The lack of justice in cases of automobile violence has long gone unnoticed, but a recent case has finally provoked widespread outrage. 16-year-old Ethan Couch got loaded, got into a car, killed four people, and got off with a slap on the wrist. This injustice is infuriating but far from surprising to those of us in the transpo-blogging community. This sort of story occurs on an all-too-regular basis throughout the United States.
Unfortunately, the Internet has latched on not to the broad theme of automobile violence flying under the radar of our justice system, but to a single word spoken by a psychologist testifying for the defense: affluenza. The story, as told by outraged commentators such as my tweep John Aziz for The Week, is that Couch got off easy because he was rich. While I don’t doubt that the scales of justice can be tipped by money, that’s not the story that fits both the facts of this case and the broader societal context. Sure, a rich white kid got a slap on the wrist for killing with a car, but that also happens to non-rich black kids! In an article for Streetsblog Chicago earlier this year, John Greenfield tells the story of another 16-year-old boy who killed with his car while under the influence and got off easy. Deandre Wolfe, however, was not a rich white kid, but a middle-class black kid. Greenfield contrasts Wolfe’s case with that of Prince Watson, a 17-year-old who was sentenced to 32 years for killing a woman by pushing her down the stairs at a CTA stop. The pattern that reveals itself is not one of rich privilege or white privilege, but of car privilege.
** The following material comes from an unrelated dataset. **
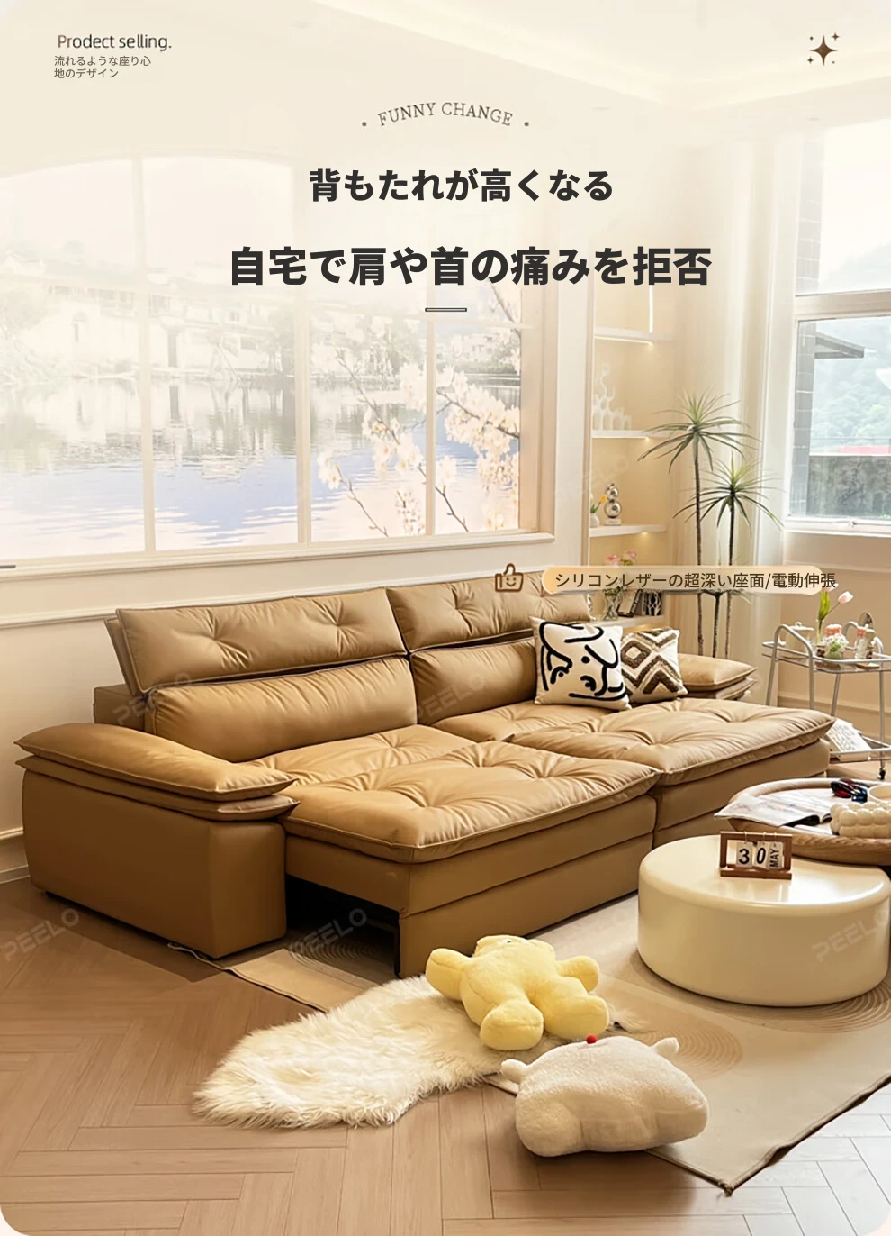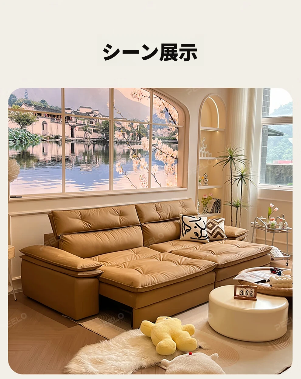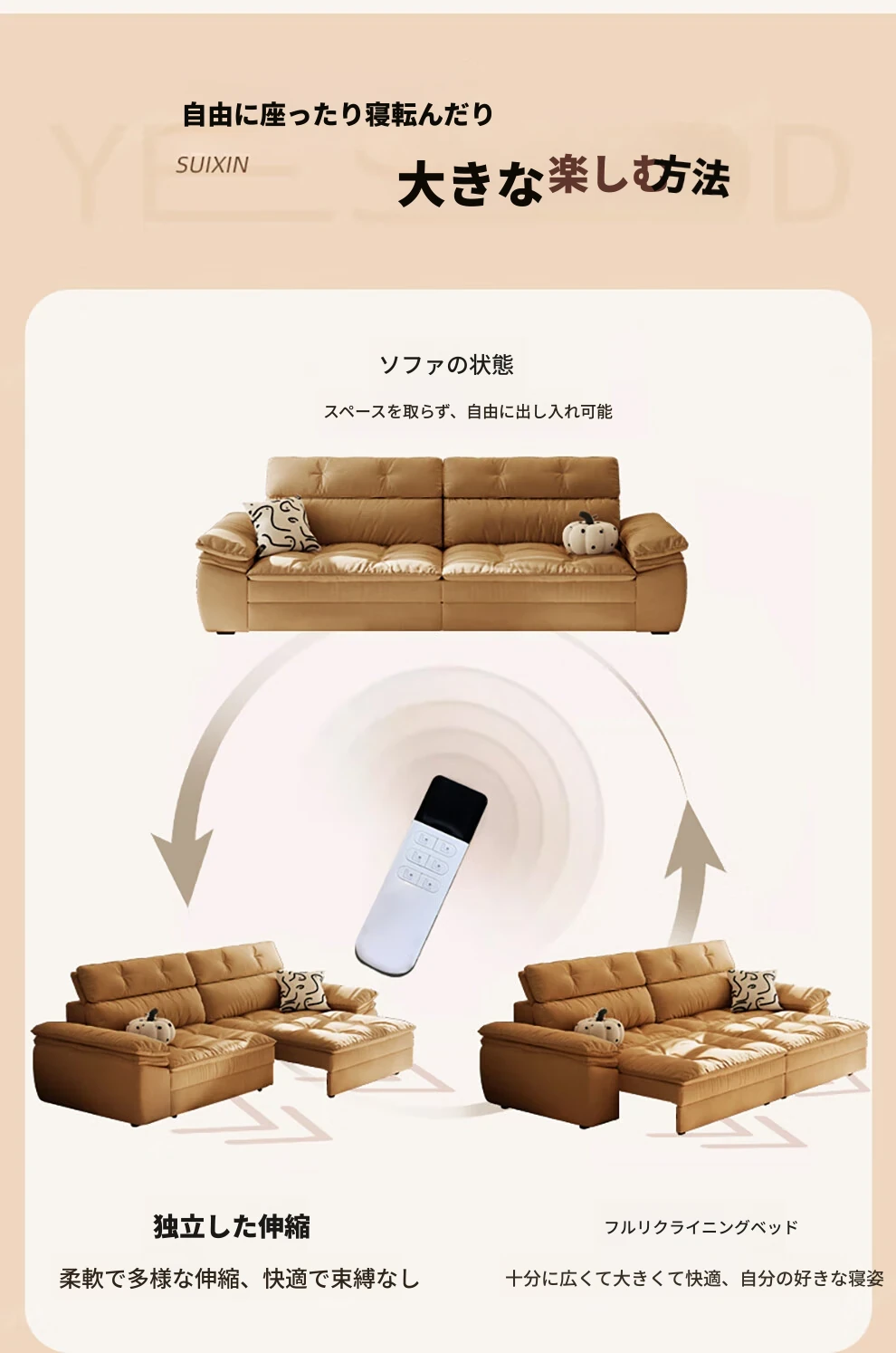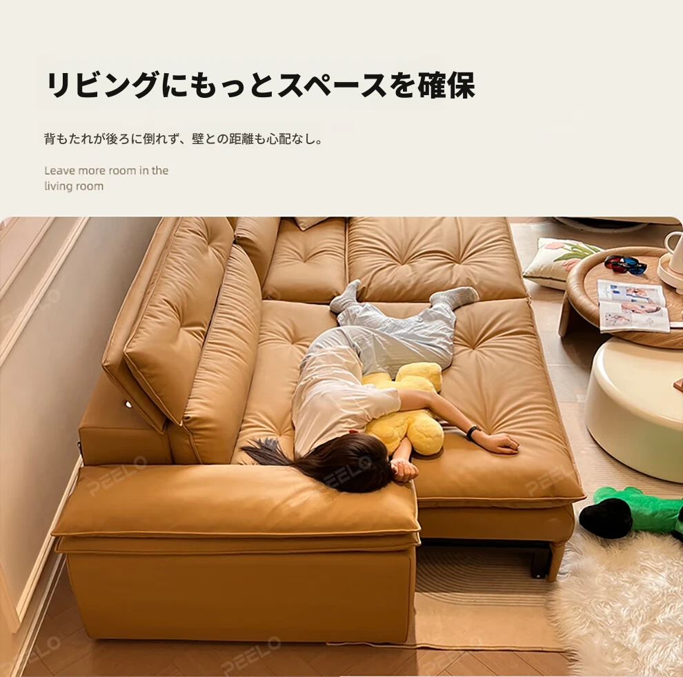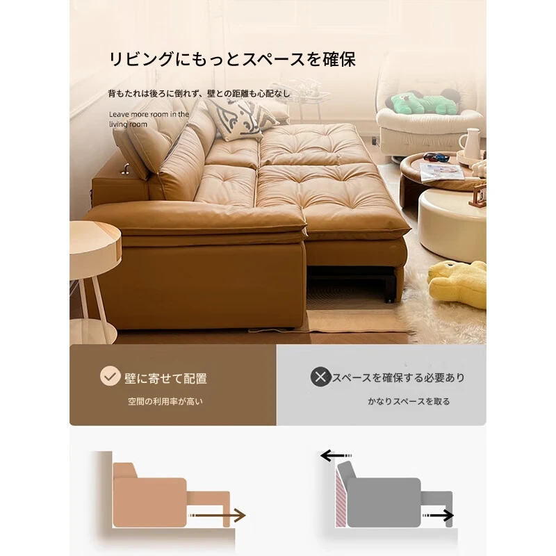 ケイマオ現代的なライトラグジュアリー本革電動機能ソファ|リビングルームに最適な2WAY本革ソファベッド|コンパクトサイズでも贅沢な快適さを実現!

The story of affluenza does not even make sense on the face of it: a jury, even one selected from a relatively affluent community, is not going to identify with an irresponsible, spoiled brat. Even those who have contracted affluenza do not tend to think of themselves in those terms. Just about everybody in this country, however, is a driver, and hardly anybody is ashamed of it. A jury composed of drivers is more than capable of empathizing with somebody who, while driving, happened to hit a few of those pesky pedestrians. The fact that Couch was drunk is almost incidental. Indeed, drivers who aren’t drunk and stay at the scene are rarely even accused of wrongdoing; many are allowed to drive away scot-free in the very weapon they killed with.
Ethan Couch did not go free because he had affluenza. He went free because of a more insidious societal illness: autoimmune disease.